19:01:14 <clarkb> #startmeeting infra
19:01:14 <opendevmeet> Meeting started Tue Nov  8 19:01:14 2022 UTC and is due to finish in 60 minutes.  The chair is clarkb. Information about MeetBot at http://wiki.debian.org/MeetBot.
19:01:14 <opendevmeet> Useful Commands: #action #agreed #help #info #idea #link #topic #startvote.
19:01:14 <opendevmeet> The meeting name has been set to 'infra'
19:01:20 <ianw> o/
19:01:27 <fungi> ohai!
19:01:35 <clarkb> #link https://lists.opendev.org/pipermail/service-discuss/2022-November/000378.html Our Agenda
19:01:44 <clarkb> #topic Announcements
19:01:58 <frickler> \o
19:02:17 <clarkb> I won't be around Friday or Monday. I'll be back Tuesday so expect to have a meeting next week. I may send the agenda for that a bit late (Tuesday morning?)
19:02:34 <fungi> thanks!
19:02:40 <fungi> hope you have a great weekend
19:03:02 <clarkb> other than that I didn't have anything to announce. We can dive in I guess
19:03:06 <clarkb> #topic Topics
19:03:12 <clarkb> #topic Bastion Host Updates
19:03:19 <clarkb> #link https://review.opendev.org/q/topic:prod-bastion-group
19:03:23 <clarkb> #link https://review.opendev.org/q/topic:bridge-ansible-venv
19:03:28 <clarkb> #link https://review.opendev.org/c/opendev/system-config/+/863564
19:03:32 <clarkb> #link https://review.opendev.org/c/opendev/system-config/+/863568
19:03:50 <clarkb> it seems like we're really close to being done with the old bastion and the new one is working well
19:04:12 <clarkb> ianw does have a few remaining changes that need review as I've linked above. Would be great if we can review those to close that portion of the work out
19:04:59 <ianw> yep thanks -- goes off on a few tangents but all related
19:05:04 <clarkb> then separately Ithink it would be helpful if people can look at old bridge and make note of anything missing that needs to be moved or encoded in ansible. the raxdns client venv, ssl cert stuff, and hieraedit (generally yaml editor) were things I noted
19:06:00 <clarkb> ianw: other than reviewing changes and checking for missing content is there anything else we can do to help?
19:06:03 <ianw> yep notes made on
19:06:07 <ianw> #link https://etherpad.opendev.org/p/bastion-upgrade-nodes-2022-10
19:07:04 <ianw> nope -- the changes you linked to have some things like adding host keys to inventory and i think we've actually fixed the blockers for parallel job running as a nice side-effect too
19:07:40 <ianw> and i'll keep working on the todo to finish it off
19:08:19 <clarkb> sounds good. Thanks! This was always going to be a lot of effort and I appreciate you taking it on :)
19:08:44 <clarkb> #topic Bionic Server Upgrades
19:08:46 <ianw> *next* time it will be easy :)
19:09:23 <clarkb> Not a whole lot to add here. I stalled a bit on this because of the doom and gloom from the openssl cve. But I should look at the list and pick off something new to do
19:09:29 <clarkb> #link https://etherpad.opendev.org/p/opendev-bionic-server-upgrades
19:09:39 <clarkb> the changes to remove snapd and not do phased updates did land
19:09:54 <clarkb> whcih were related tothings I found when booting the new jammy gitea-lb02
19:10:09 <clarkb> I keep meaning to check that snapd is gone as expected but haven't managed that yet.
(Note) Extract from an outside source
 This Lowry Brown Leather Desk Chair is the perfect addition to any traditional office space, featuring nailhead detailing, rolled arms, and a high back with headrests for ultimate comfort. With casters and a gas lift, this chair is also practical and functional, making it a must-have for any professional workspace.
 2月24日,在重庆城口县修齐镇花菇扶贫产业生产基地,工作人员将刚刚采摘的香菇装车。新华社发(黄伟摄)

19:10:50 <frickler> do we have servers other than storyboard that still run on xenial?
19:10:56 <clarkb> I am not aware of any current issues deploying services on jammy so new deployments should favor it
19:11:17 <clarkb> frickler: there are like 4? cacti, translate, storyboard, and something I'm forgetting I feel like
19:11:28 <clarkb> frickler: they are all puppeted services hence the difficulty of moving
19:11:57 <frickler> maybe still list them in the upgrade pad so we don't forget about them?
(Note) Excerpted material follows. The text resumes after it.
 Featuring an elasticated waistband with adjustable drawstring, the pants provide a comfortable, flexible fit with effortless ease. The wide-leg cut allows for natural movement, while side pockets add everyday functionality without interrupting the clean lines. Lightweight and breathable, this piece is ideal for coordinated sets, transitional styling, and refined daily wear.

19:12:04 <clarkb> good idea
19:12:24 <fungi> wiki is still on trusty i think
19:12:27 <clarkb> OpenStack has been looking at zanata replacements though so progress on that end at least
19:13:24 <frickler> oh, I can't even log into wiki from my Jammy host
19:13:44 <frickler> Unable to negotiate with 2001:4800:7813:516:be76:4eff:fe06:36e7 port 22: no matching host key type found. Their offer: ssh-rsa,ssh-dss
19:14:04 <clarkb> ya thats the sha1 + rsa problem. YOu can specifically allow certain hosts to do sha1
19:14:10 <fungi> yeah, ssh to wiki needs host-specific overrides for openssh
19:14:23 <clarkb> the openssh 8.8 release notes have details
19:14:51 <frickler> ah, o.k.
19:15:02 <fungi> i think it's less about that and more that it isn't new enough to support elliptic curve keys
19:15:05 <clarkb> anyway the good news is jammy is functioanl as far as I can tell and any replacement can prefer it at this point
19:15:20 <fungi> but could be both
19:15:35 <clarkb> #topic Mailman 3
19:15:52 <clarkb> This feels like it has stalled out a bit largely on a decision for whether or not we should use forked images
19:16:12 <fungi> well, i wasn't around last week too
19:16:13 <clarkb> the upstream did end up merging my lynx addition change. I have also noticed they have "rolling" docker image tags
19:16:44 <fungi> is switching to rolling just a matter of adjusting the dockerfile?
19:16:44 <clarkb> I think that means we could at this point choose to use upstream and their rolling tags and that would be roughly equivalent to what I have proposed for our fork
19:17:03 <fungi> or the compose file i guess if we don't need to fork
19:17:06 <clarkb> fungi: its an edit to the docker-compose.yaml file. It isn't clear to me what sorts of upgrade garuntees they plan to make though
19:17:21 <clarkb> I've also not seen any responses to my issues around specifying the domain names
19:17:37 <clarkb> which makes me wary. It feels like they merged the easiest change I pushed and called it a day :/
19:18:41 <fungi> i guess we could keep forking but just run a very minimal fork unless we need to do more in the future?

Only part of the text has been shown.